▸ **Problem statement**
Repeat verbatim what the listing holds, but not its pictures.

▸ **Supplied information**
______

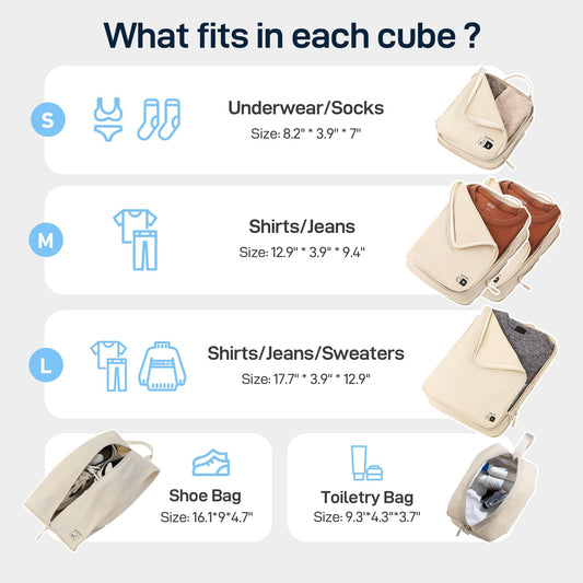 EPICKA 6 Set Ultra-Lightweight Compression Packing Cubes - Water Resistant Durable Travel Organizers with Toiletries Bag, Expandable Travel Accessories for Carry on Luggage, Suitcase (Beige)
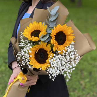 Яркие букеты с подсолнухами подарят хорошее настроение своему получателю!
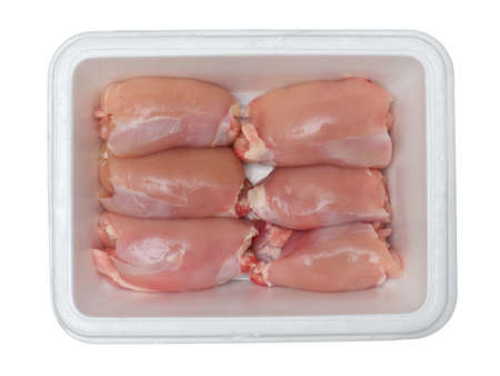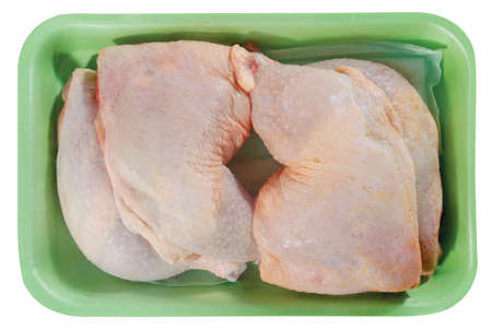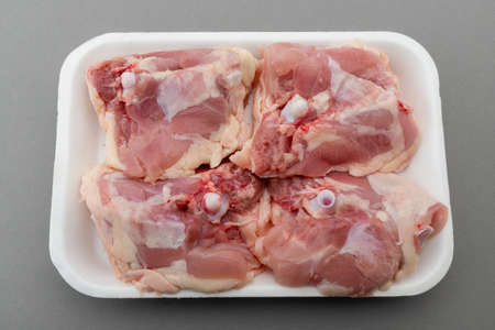 Chicken thighs in food plastic tray for sale in supermarket, isolated on gray background, clipping path
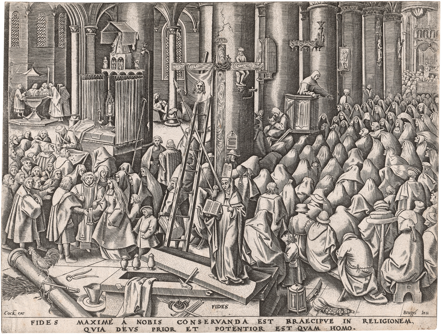 nach. Fides. Kupferstich von Philips Galle, aus der Folge der Sieben Tugenden, wie auch die folgenden beiden Losnummern. 22,2 x 29 cm. (1559). Hollstein (Bruegel) 132, Bastelaer 132, Riggs 32, Orenstein (New Hollstein, Bruegel) 13 I (von II), Sellink/Leesberg (New Hollstein, Galle) 309, Bassens/Grieken 13 a I (von II).

______

▸ **Solution for this exercise**
 EPICKA 6 Set Ultra-Lightweight Compression Packing Cubes - Water Resistant Durable Travel Organizers with Toiletries Bag, Expandable Travel Accessories for Carry on Luggage, Suitcase (Beige)
 Яркие букеты с подсолнухами подарят хорошее настроение своему получателю!
 Chicken thighs in food plastic tray for sale in supermarket, isolated on gray background, clipping path
 nach. Fides. Kupferstich von Philips Galle, aus der Folge der Sieben Tugenden, wie auch die folgenden beiden Losnummern. 22,2 x 29 cm. (1559). Hollstein (Bruegel) 132, Bastelaer 132, Riggs 32, Orenstein (New Hollstein, Bruegel) 13 I (von II), Sellink/Leesberg (New Hollstein, Galle) 309, Bassens/Grieken 13 a I (von II).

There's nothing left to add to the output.